Senate debates
Friday, 25 November 2011
Business
Leave of Absence
9:45 am
Ian Macdonald (Queensland, Liberal Party, Shadow Parliamentary Secretary for Northern and Remote Australia) Share this | Hansard source
I can only go by the Order of Business. You tell me that Senator Evans is here. Therefore we have Senator Carr, a very senior minister; Senator Wong, a very senior minister; and Senator Farrell, who is no doubt somewhere organising another leadership coup in the Labor Party. Three very senior members of the government choose to absent themselves on the last day of sitting—I beg my own pardon, it is not the last day of sitting. The last day of sitting is next Wednesday.
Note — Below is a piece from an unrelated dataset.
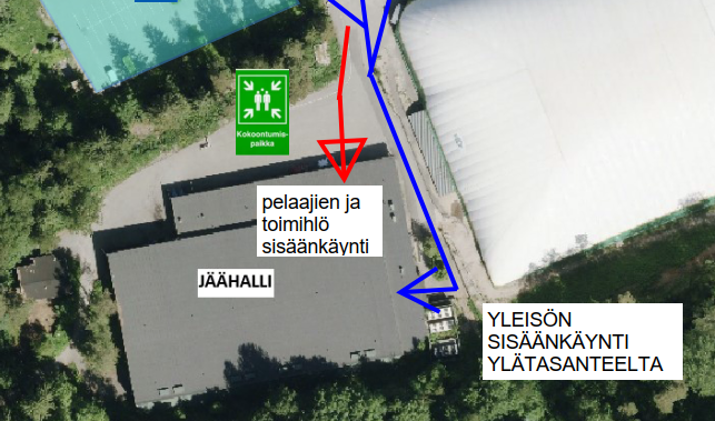 Hätätilanteessa kokoontumispaikka on hallin edessä:

I want the people of Australia who are listening to this debate to understand that for almost nine months the Senate has agreed to sit next Monday, Tuesday and Wednesday. Were we to do that, we would not have needed to guillotine through some 20 bills without a word being spoken on them—not a word in favour of them nor a word opposed to them. I think the people of Australia, and there are many who do listen to these debates, need to understand that the Greens and the Labor Party combined to guillotine through in excess of a dozen bills without a word being spoken on them. They also guillotined through perhaps the most complex parcel of bills that this parliament has seen in the last decade; they were the carbon tax bills, the bills based upon a promise by the Prime Minister that she would never introduce a carbon tax. She then introduced a carbon tax with 18 complex bills, which were guillotined through this chamber without proper debate. And we are already seeing that those bills are suffering because they were not subject to parliamentary scrutiny. We are already finding, by reports from around the globe, that these pieces of legislation on the carbon tax have suffered because they were not properly considered in this chamber. The whole carbon tax issue will become a farce at Durban next week when the United States, China, Japan, Korea, Russia and India indicate that they are not going to have a $23-a-tonne tax on their particular emissions of carbon dioxide.
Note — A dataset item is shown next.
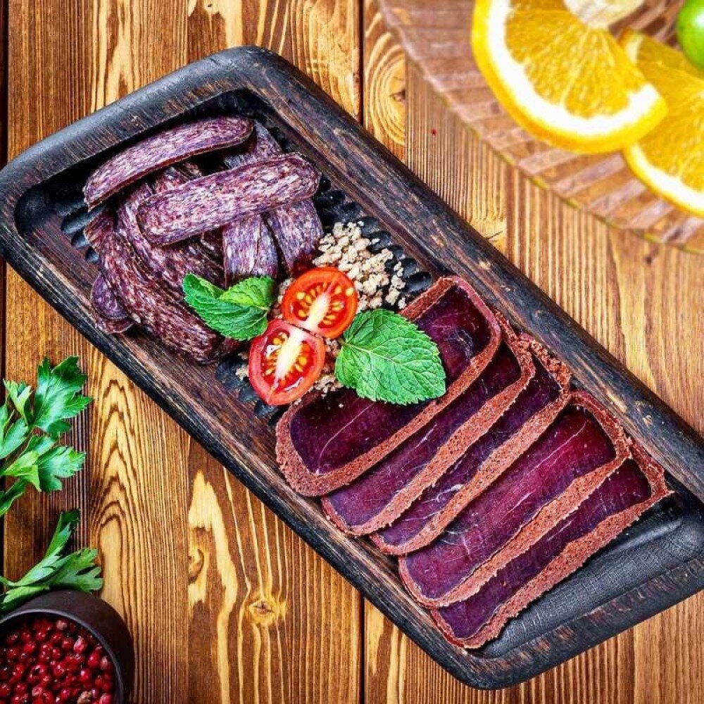 Традиционные грузинские мясные деликатесы суджук и бастурма с орехами.

I am very angry about the guillotining—about the dealing of these bills without any discussion whatsoever, and I think the people of Australia expect better than that of this parliament, and particularly the Senate, which has a reputation for scrutiny. We have a very extensive committee system, and the people like that because they understand that the Senate does expose difficulties with government legislation.
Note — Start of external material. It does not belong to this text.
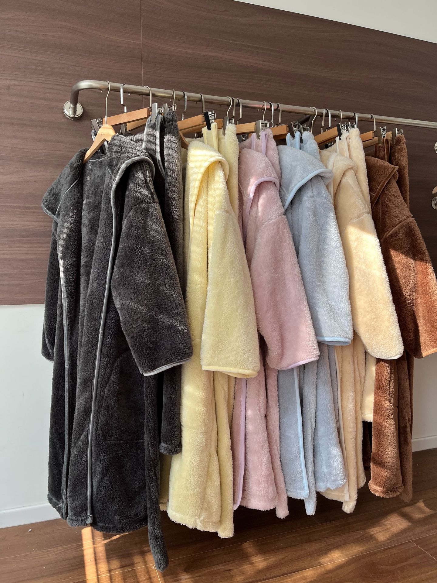 【实拍】秋冬季雪粒绒可爱碎花毛绒加厚家居服睡衣袍连帽拉链保暖

We have three senior ministers leaving this parliament four days before the parliamentary year concludes. The Labor Party stands condemned and the Greens political party, which have made a virtue over decades of allowing parliamentary scrutiny, of allowing people to have their say, even if they disagree with them, have joined with the Labor Party in curtailing debate on important bills, and particularly the carbon tax bills. It is outrageous that ministers should be given leave four days before the parliamentary year concludes. If Senator Abetz has suggested—I am not aware of this; I do not think I have seen it on the Order of Businessthe Greens political party are going to agree to the Senate rising today so that they can go to Durban, then this is an absolute disgrace. It should allow GetUp! and all of those other fringe groups that support the Greens political party to understand what a mob of frauds are those who occupy the benches of the Greens political party.